*Task prompt*.
When the line containing "Blue & White" is found in the data below, give it again along with every later line, exactly; drop the pictures.

*Given information*.
+ + +
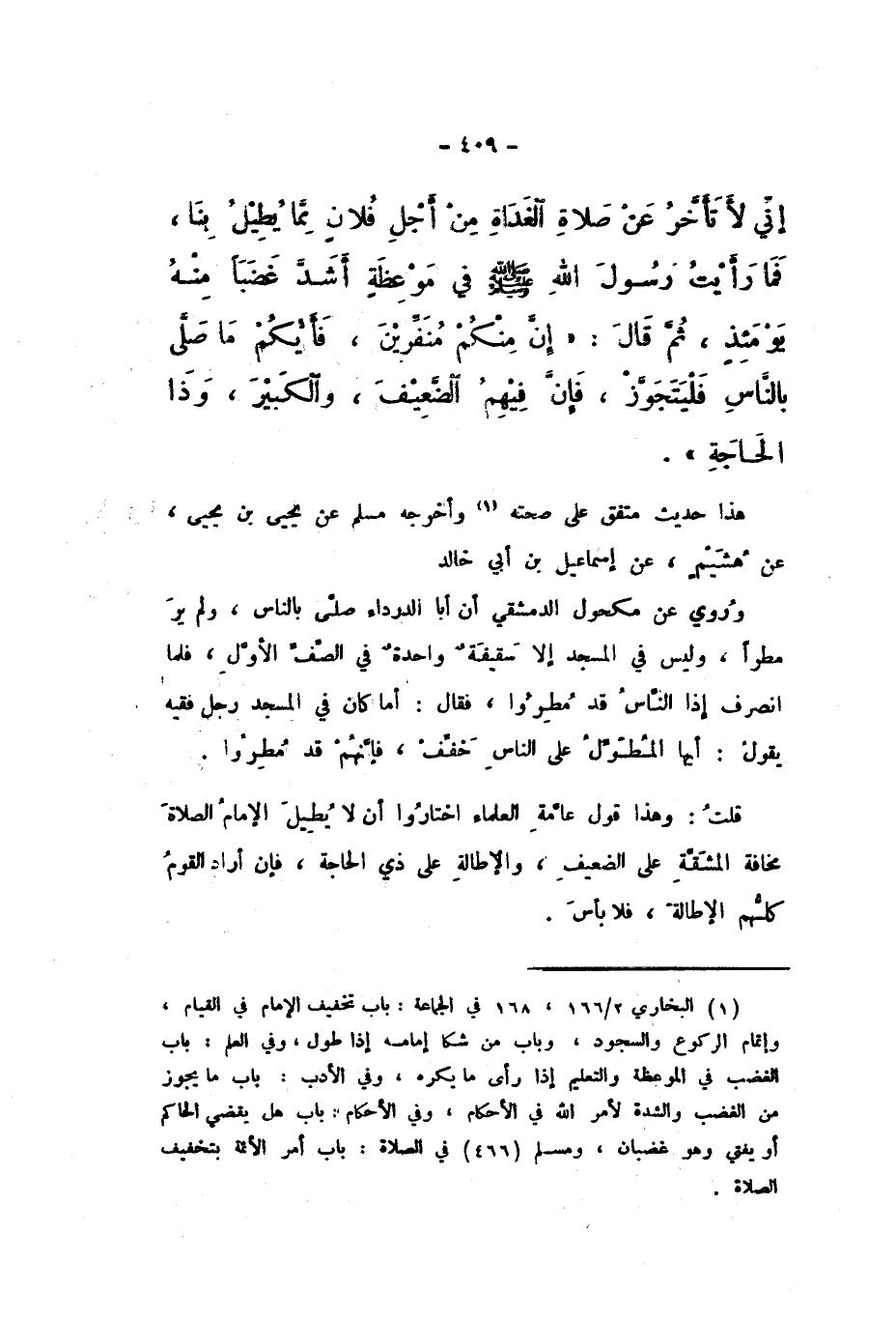 إِنِّي لأَتَأَخَّرُ عَنْ صَلاةِ الْغَدَاةِ مِنْ أَجْلِ فُلانٍ مِمَّا يُطِيلُ بِنَا، فَمَا رَأَيْتُ رَسُولَ اللَّهِ صَلَّى اللهُ عَلَيْهِ وَسَلَّمَ فِي مَوْعِظَةٍ أَشَدَّ غَضَبًا مِنْهُ يَوْمَئِذٍ، ثُمَّ قَالَ: «إِنَّ مِنْكُمْ مُنَفِّرِينَ، فَأَيُّكُمْ مَا صَلَّى بِالنَّاسِ فَلْيَتَجَوَّزْ، فَإِنَّ فِيهِمُ الضَّعِيفَ، وَالْكَبِيرَ، وَذَا الْحَاجَةِ».
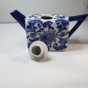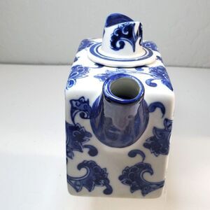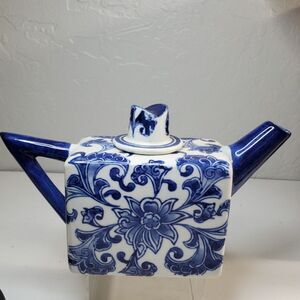 Blue & White Porcelain teapot with distinctive square shape & floral pattern VTG
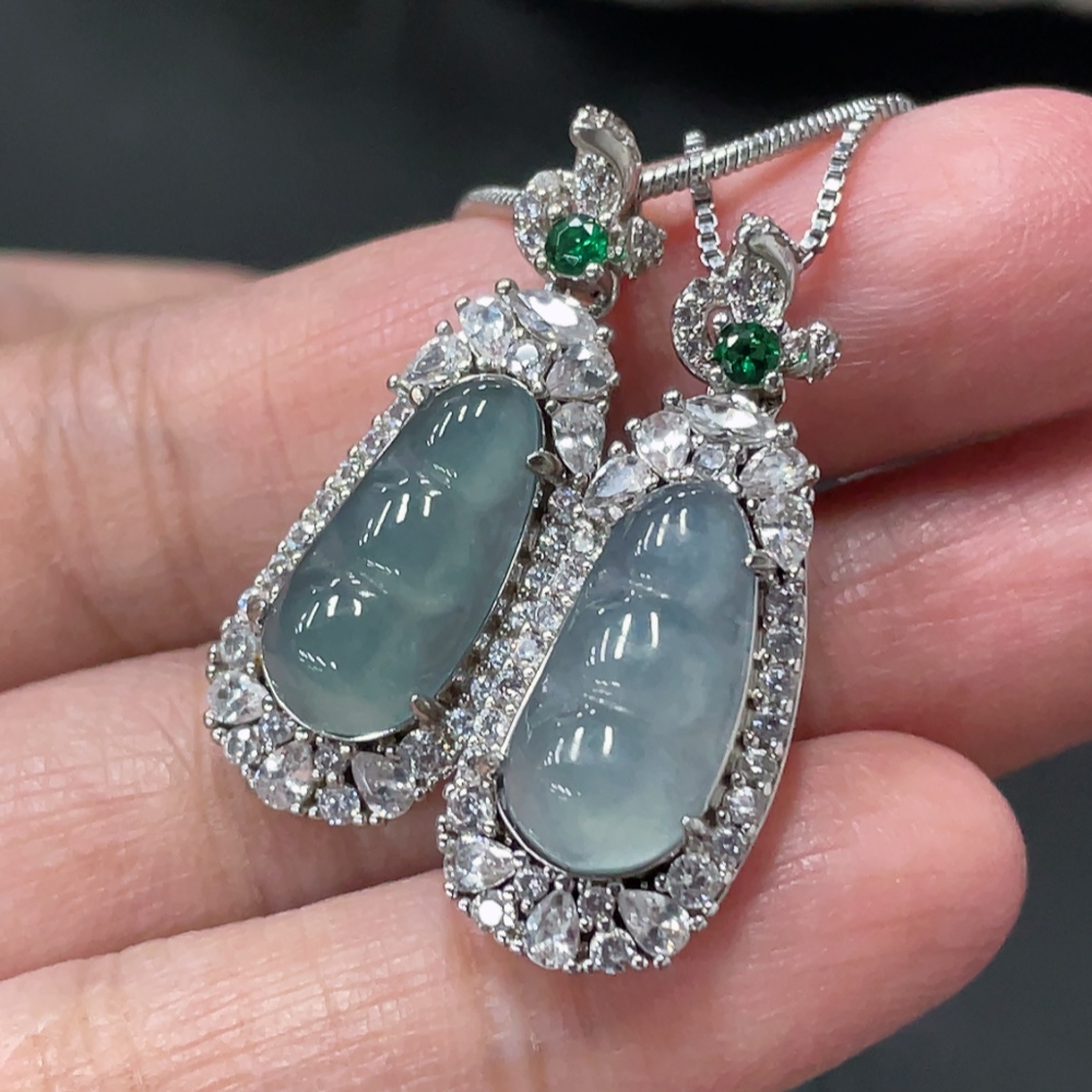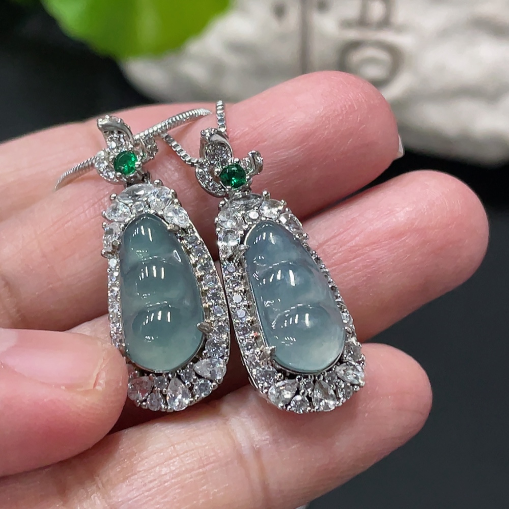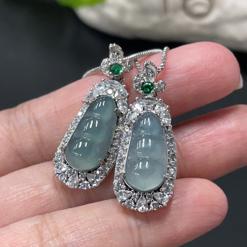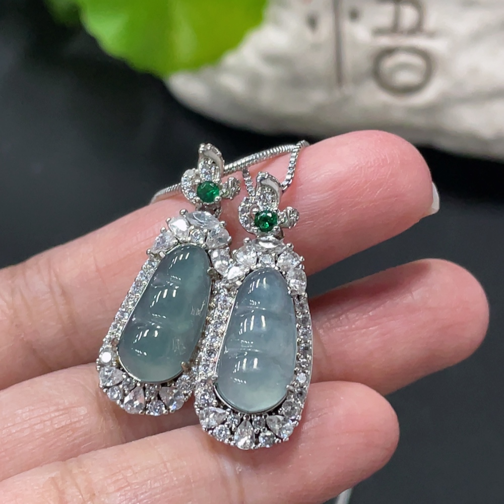 Jadeite Lucky Bean Inlay Pendant Non-Gold Inlay Total Weight Approx. 13.2g Non-Grade A Supporting Stones
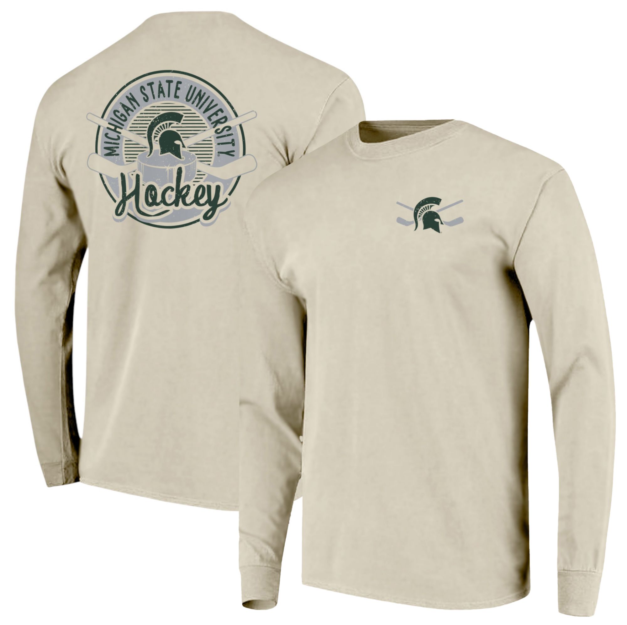 Image One Men's Michigan State Spartans Ivory Hockey Badge Long Sleeve T-Shirt
+ + +
*Solution to this problem*.
 Blue & White Porcelain teapot with distinctive square shape & floral pattern VTG
 Jadeite Lucky Bean Inlay Pendant Non-Gold Inlay Total Weight Approx. 13.2g Non-Grade A Supporting Stones
 Image One Men's Michigan State Spartans Ivory Hockey Badge Long Sleeve T-Shirt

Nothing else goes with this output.